Некоторое время он смотрел на человека, стоящего перед ним, словно запамятовав, кто он такой. Это его брат?.. Да, это он, только совсем не такой, как в прежние годы. Он всегда был трудноуправляем, взбалмошен, вспыльчив, но все-таки между братьями ощущалась привязанность, даже любовь. У Шона не было такой дикой злобы, такой тяги мстить. Однако еще до знакомства с Рейвен, до того, как он попал на флот, в его характере стали происходить необратимые перемены к худшему… А теперь еще эти страшные в своем злорадстве угрозы предать собственного брата. Который всегда пытался выручить его, спасти от притязаний дяди, от денежного краха, от службы на корабле. Теперь - от преследования со стороны родственников Рейвен и ее жениха, результатом чего стала поспешная женитьба на Рейвен. Что, по-видимому, доконало беднягу Шона, лишило остатков рассудка.

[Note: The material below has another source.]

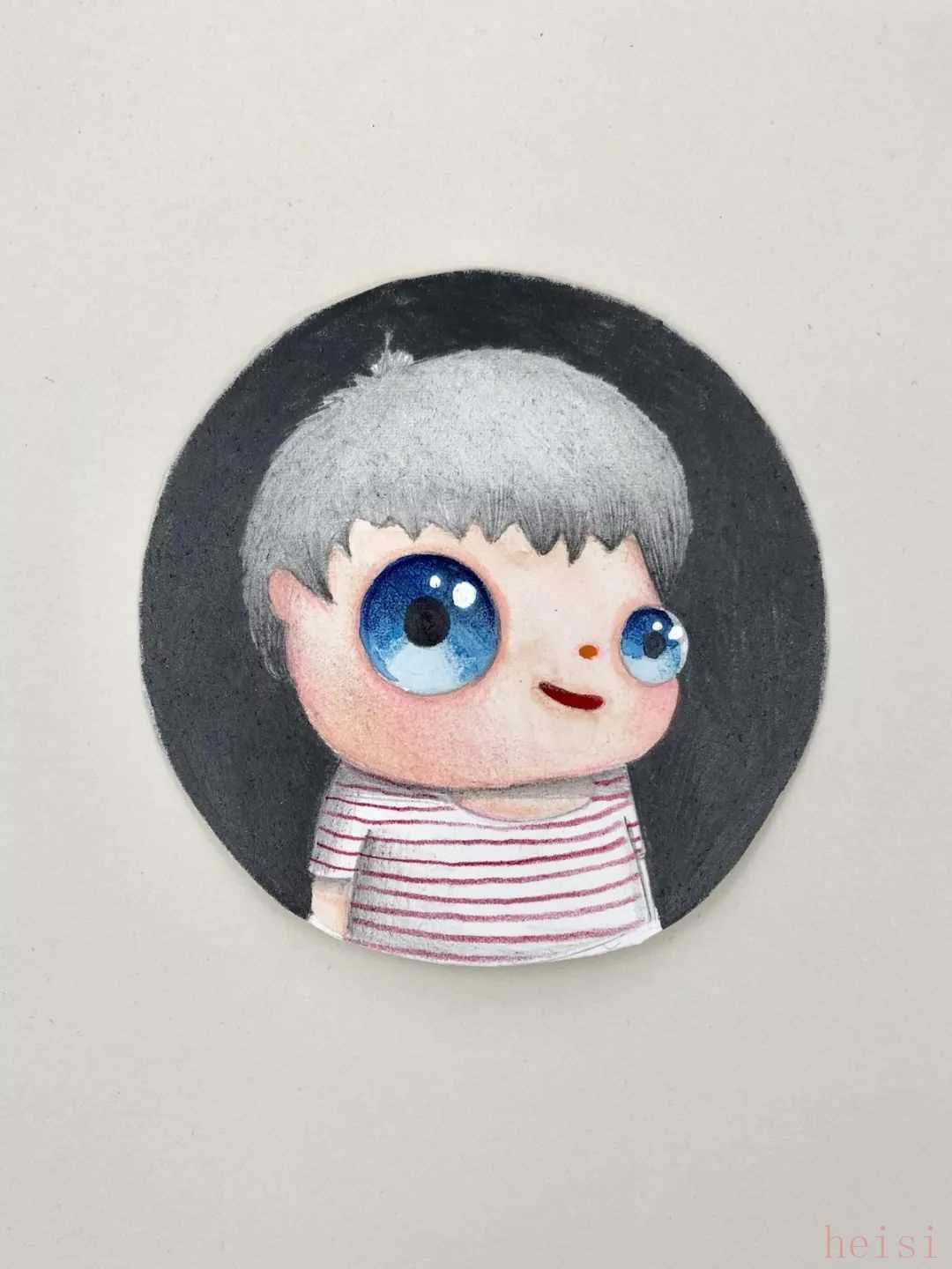 Javier Calleja《Line Boy》,纸上彩绘,10×10cm,2018年

Снова, в который уже раз, в Келле проснулась жалость к брату - ведь он болен, просто болен. Тем, что он делает и говорит, командует не он, а его болезнь. Но если так, почему сам больной не делает никаких попыток вылечиться, не только не слушает своего врача, а грозит предать его в руки судьи. Выдать даже не за тридцать сребреников, а просто так, по злобе… Как обыкновенный подлый наветчик…
Кровь бросилась в голову Келла.
- Сообщай кому хочешь и что хочешь, - сказал он. - Это не изменит моего намерения отправить тебя в Ирландию.

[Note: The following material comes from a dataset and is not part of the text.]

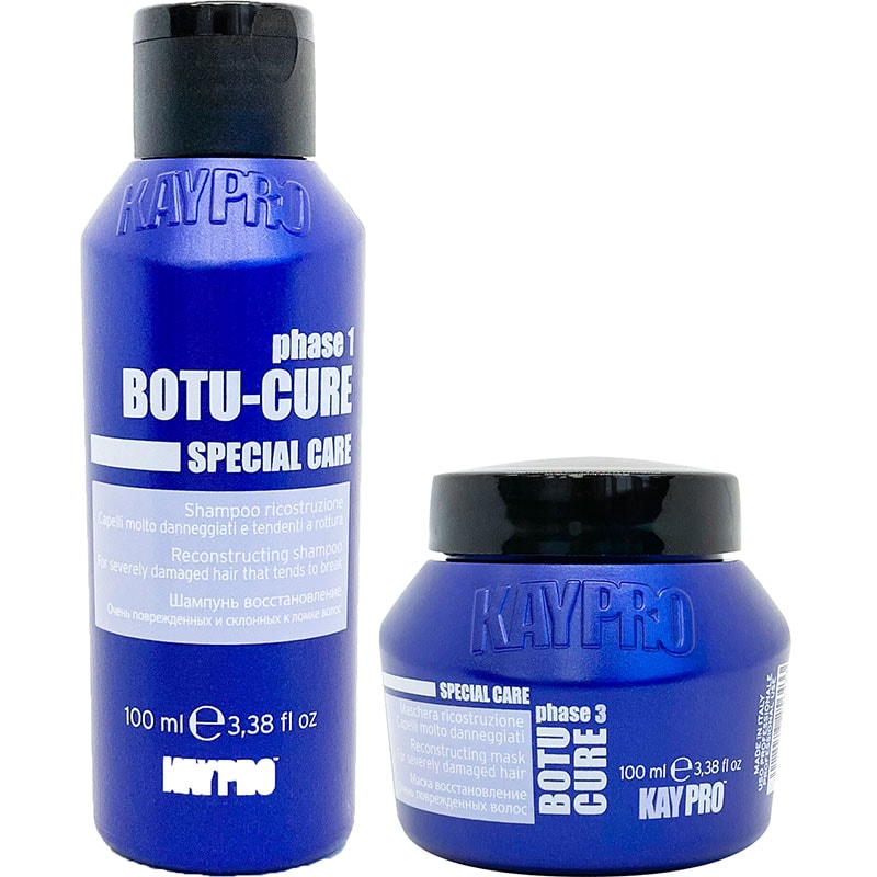 Travel set of the Botu-Cure range, featuring mini sizes of the shampoo and mask. This is a professional reconstruction regimen for an intensive emergency repair program to treat very damaged or compromised hair in danger of breaking.

В искаженном лице Шона появилось что-то жалкое.
- Ты прекрасно знаешь, - дрожащим голосом заговорил он, - я такой, как есть, во многом по твоей вине. Ты обещал маме, что будешь меня защищать, но не защитил. Дядя Уильям делал со мной что хотел, а ты… ты…
В прошедшие годы, во время их нередких ссор и споров, эти слова Шона делали Келла почти беспомощным, однако сейчас они не возымели прежнего действия. Его брат зарвался, он стал не только отвратительным, но и опасным для многих, и в первую очередь для Рейвен. А ее Келл должен оберегать.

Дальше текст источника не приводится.